Tatjana Wood (née Weintraub,[1] in Darmstadt, Germany) is an American artist and comic book colorist.

Biography Edit

Tatjana's father was Jewish, and her mother was Christian. During World War II, she and her brother, Karl Joachim Weintraub, were sent to an international Quaker boarding school in Holland. Gaining Dutch citizenship was not easy, so after World War II, the Quakers arranged for the two to travel to New York in 1947.[1] Karl went on to the University of Chicago, while Tatjana stayed in New York, attending the Traphagen School of Fashion. In 1949, she met Wally Wood, and they married August 28, 1950.

During the 1950s and 1960s, she sometimes made uncredited contributions to Wood's artwork. One of the stories she worked on was "Carl Akeley" in EC Comics' Two-Fisted Tales #41 (February–March 1955). She did a number of animal drawings for that story.[2] She and Wood divorced in the '60s.

Later, beginning in 1969,[1] she did extensive work for DC Comics as a comic book colorist, including Grant Morrison's Animal Man, Alan Moore's issues of Swamp Thing, and Camelot 3000.[3] She won the Shazam Award for Best Colorist in 1971 and 1974. Tatjana has had no significant credits in the comics industry since 2003.[4]

Tatjana is also a skilled dressmaker and weaver, who has crafted theatrical costumes and pictorial loom tapestries.[1]

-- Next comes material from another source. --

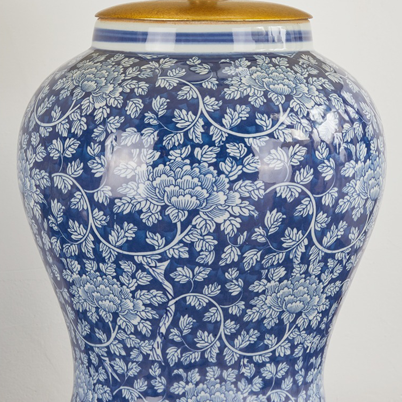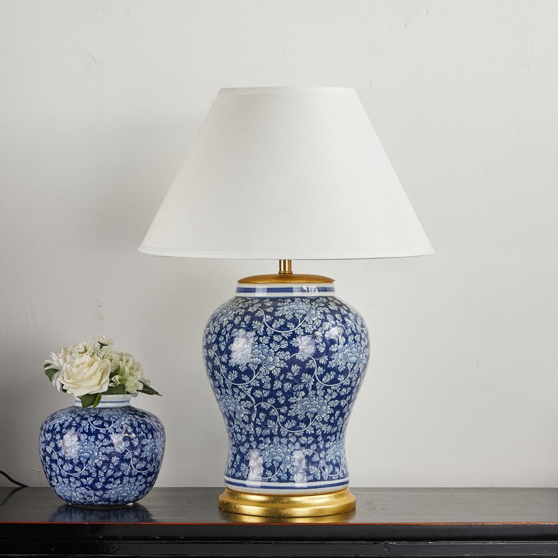 Classic blue and white porcelain lamp with floral and vine pattern. Shades available in two styles. Handmade in China.
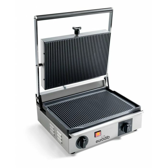 Serve up delicious sandwiches, wraps, and hamburgers without taking up too much space with the Eurodib CORT-R Single Grooved Panini Grill 15″ x 10″. A must-have in diners, concession stands and snack bars, this unit is made from high quality stainless steel with cast iron cooking plates for outstanding durability. The cast iron plates and shockproof heating elements provide even heat distribution and excellent heat retention.

Tatjana's brother Karl died March 25, 2004. He was a distinguished scholar at the University of Chicago and the author of two books, Visions of Culture: Voltaire-Guizot-Burckhardt-Lamprecht-Huizinga-Ortega y Gassett (1966) and The Value of the Individual: Self and Circumstance in Autobiography (1978).[5]

References Edit

  1. 1.0 1.1 1.2 1.3 Tatjana Wood profile, Who's Who in American Comic Books, 1928–1999.
  2. Stewart, Bhob with Jim Vadeboncouer, Jr. The Wallace Wood Checklist (TwoMorrows Publishing, 2003).
  3. Tatjana Wood/Colorist, DC Comics Database]
  4. Tatjana Wood profile, Accessed March 10, 2010.
  5. "Karl Joachim Weintraub," The University of Chicago News Office (March 26, 2004).